The announcement comes as a blow to the efforts to re-organise the pension sector in Uganda.

The Johannesburg stock exchange-listed Alexander Forbes as one of the biggest players managing money for the occupational pension schemes.

Its exit also is an indicator of the lost faith in government to reform the sector to see more Ugandans save for retirement.

 In 2011, the Uganda Retirement Benefits Regulatory Authority (URBRA) was expected to lead the reforms that would open up the sector to private players that would compete with NSSF for the mandatory contributions.  

This would mean more business to private players like Alexander Forbes. However workers representatives rejected the idea of having NSSF compete with private pension players.

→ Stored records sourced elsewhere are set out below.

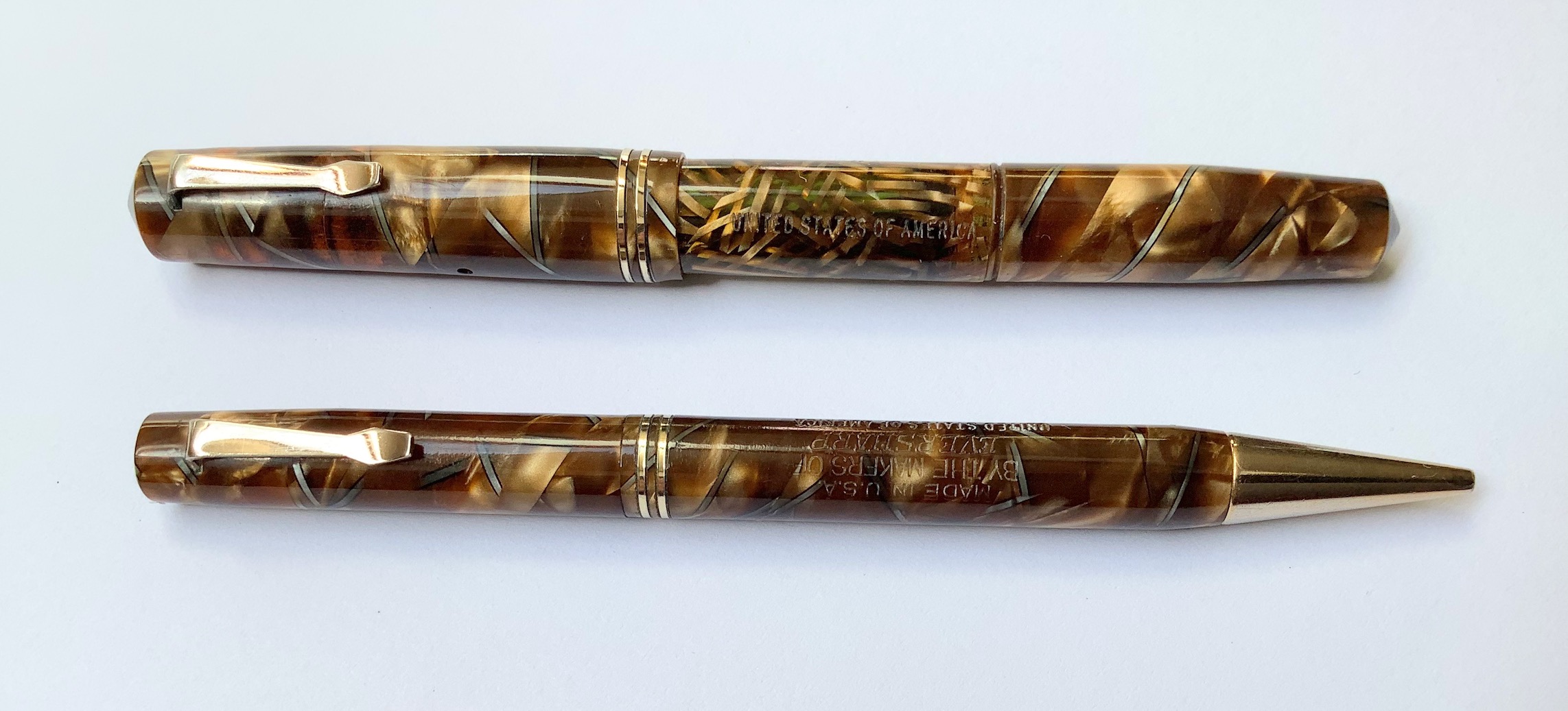 Questo è il set penna e matita nella livrea in celluloide venata Topaz Pearl , a richiamare le tonalità della splendida pietra topazio imperiale , e si distingue per la poco comune doppia veretta fine (di norma la penna ha una sola vera più alta ed ancora meno comune con tre verette fini).
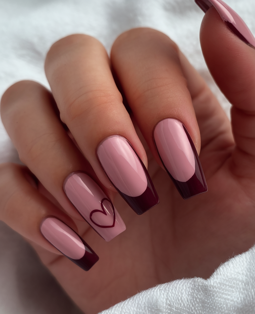 This pink and burgundy French tip design brings a romantic twist to spring nails coffin 2025. The glossy acrylic pastel base is paired with deep wine-colored tips, creating a chic contrast. A single cute heart accent on the ring finger enhances the overall elegance without being overwhelming. This simple yet refined design is perfect for both casual and formal occasions.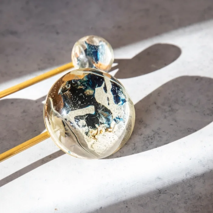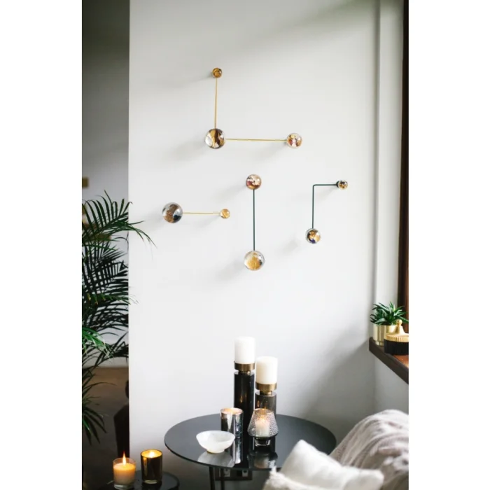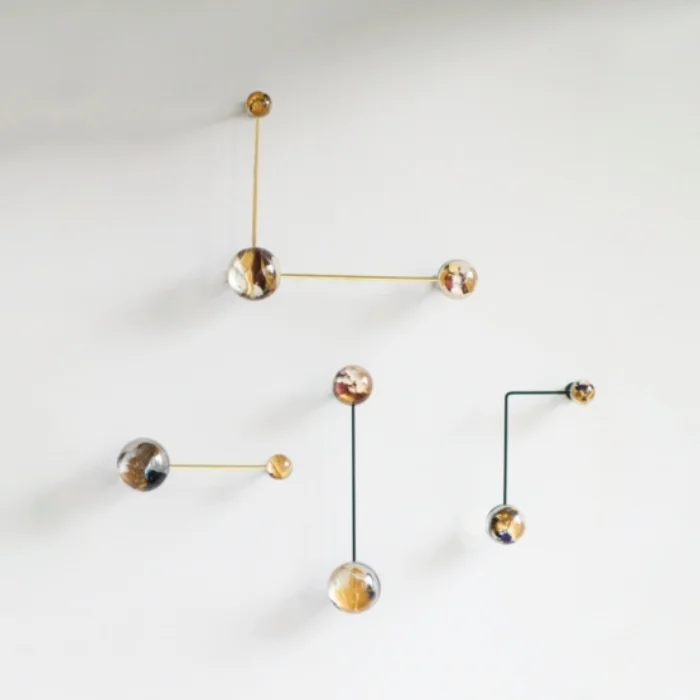 SET OF 4: Each package contains 4 metal profiles on which there are 9 semi spheres. The product is composed of 9 semi spheres made of hardened resin placed on 4 metal supports. The painting inside the product is the application of painter Melis Önalan Altıparmak.

Consequently, the Uganda Retirements bill was shelved after President Museveni said in 2017 that he didn’t see need for private companies to compete with NSSF on mandatory savings.

Another trial for the company came in 2017 when Uganda was in the final stage of cancelling the Rift Valley Railways (RVR) concessionaire. RVR failed to remit money it was deducting from employees to Alexander Forbes for management. This meant a loss of one of the major clients.  

Only about 2.4 million Ugandans out of the working 17 million save for retirement, according to URBRA.

Mandatory schemes and voluntary schemes have an asset base of 11 trillion shillings, and much of this belongs to NSSF.